Assistant Metro Editor
Officials with the groups said it was the second time they'd requested
the information. Craig Williams, director of the Chemical Weapons Working
Group, said there was no formal response to the first request, made in August
2004.
Williams and local residents said Thursday that they believe the
information they're looking for is reasonable, but that they're willing to
negotiate if officials with the Army's Chemical Materials Agency don't agree.
"Before we can start discussing the details we have to get some
kind of response," Williams said.
"We're formalizing this request, and basically making the assertion
that this is not unreasonable," said Rufus Kinney, a Jacksonville resident
and member of the local group Families Concerned About Nerve Gas Incineration.
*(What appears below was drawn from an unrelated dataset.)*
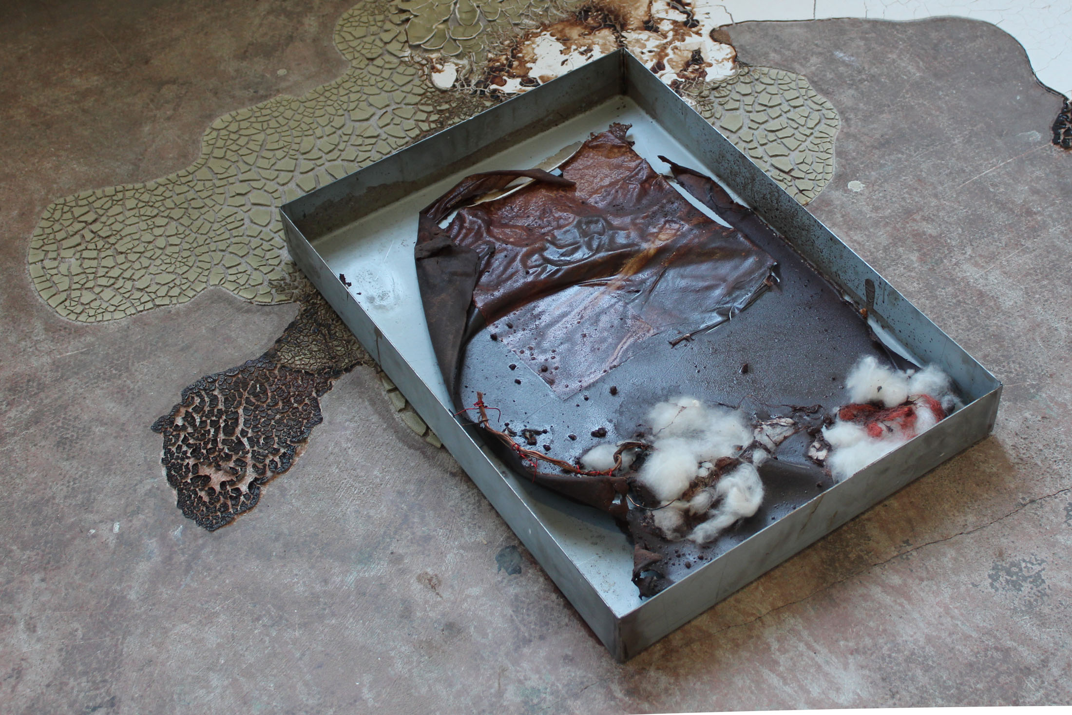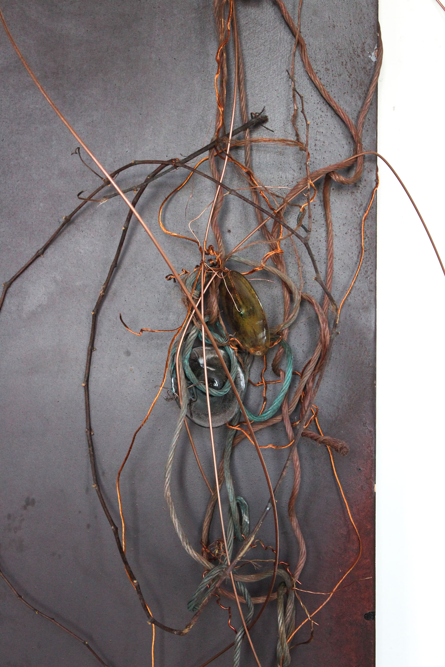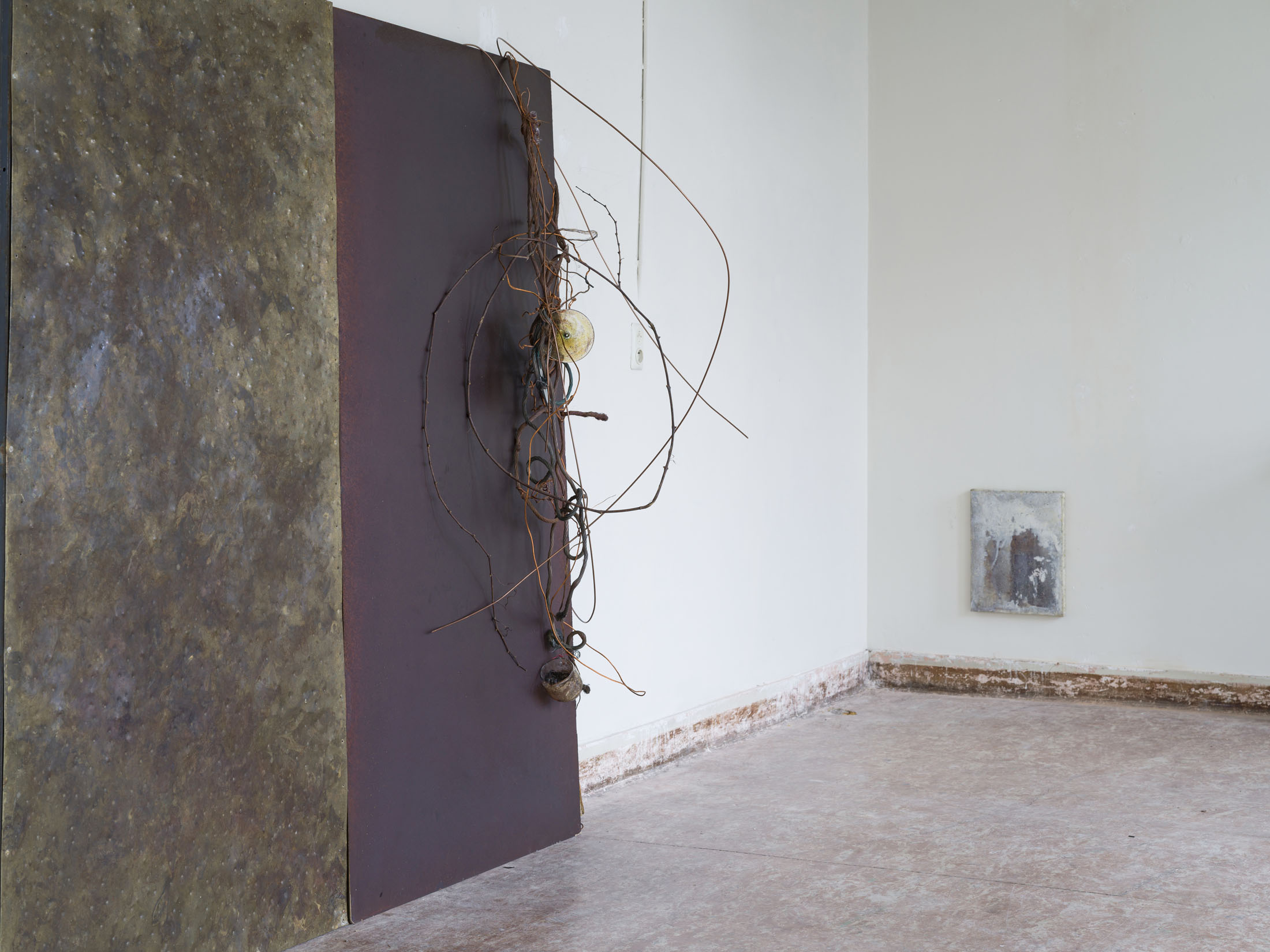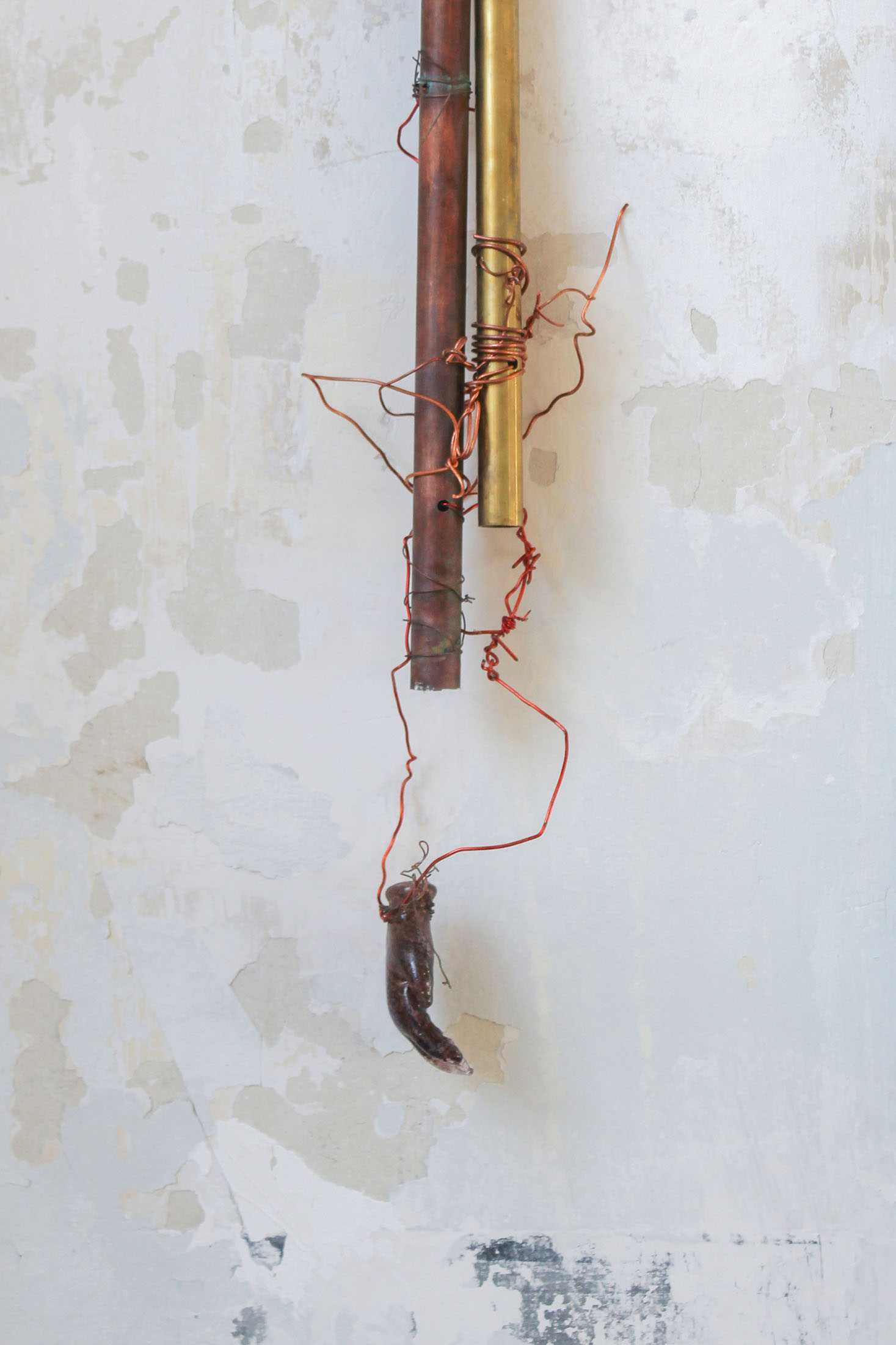 The assemblages are composed of steel, glass, copper, clay, and organic residues. These materials are assembled in ways that foreground their physical behaviour: weight-bearing, bending, oxidising, leaking, or resting against one another without a clear hierarchy. The resulting structures resemble an archaeological site of infrastructural fragments or internal systems, suggesting frameworks that continue to function while remaining visibly contingent.
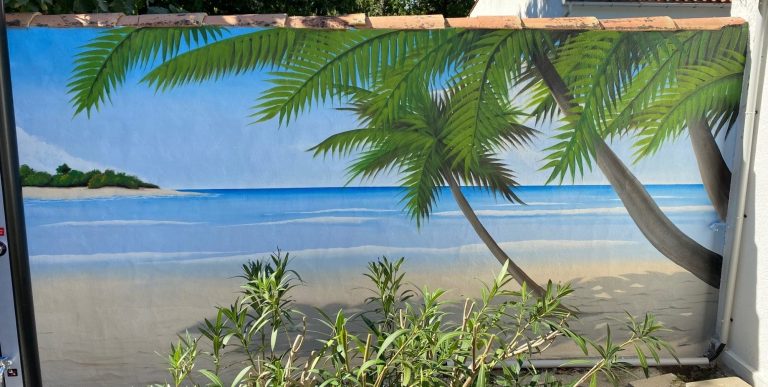 Fresque murale en trompe oeil sur mur extérieur au décor bord mer exotique. Réalisation à Challans en Vendée.

Mike Abrams, a spokesman for the ACNDF, referred questions about
the request to CMA officials at Aberdeen Proving Ground in Maryland.
Abrams said he believes the groups likely got a response to their
request in 2004.
"They probably did not like the answer they got," Abrams said.
CMA officials in Maryland could not be reached for comment Thursday.
The groups' request asks for a daily report, with details on the
operation of furnaces at the plant, the number and types of weapons transported
to the plant and destroyed, the amount of chemical agent destroyed, any agent
detection alarms set off and the reasons, and information on worker safety.
Information requested on a monthly basis includes details on hazardous
waste produced at the plant and any environmental permit violations. The
groups asked for information on the destruction schedule and Westinghouse
Anniston's contract on a quarterly basis.
Williams said other chemical weapons sites around the country
typically provide more information than Anniston, but not everything the
groups would like to see. He said requests to those sites would be made soon.
"Quite frankly in our opinion, ANCDF in particular is a very closed
situation," Williams said. "I think if we can crack the nut there, we may
get a trickle-down effect at some of the other sites."
The Anniston Army Depot has since the 1960s stored weapons
containing the nerve agents sarin and VX and mustard blister agent. Required
by treaties with the former Soviet Union to destroy the Cold War-era weapons,
the Army built an incinerator to destroy the Anniston stockpile. Facilities
at sites around the country are destroying other chemical stockpiles.
Weapons destruction at Anniston began in August 2003, with Westinghouse
Anniston operating the plant under contract. On March 2, Army officials announced
that the last weapons containing sarin had been destroyed. Destruction of
VX weapons is expected to begin in June or July, Abrams said.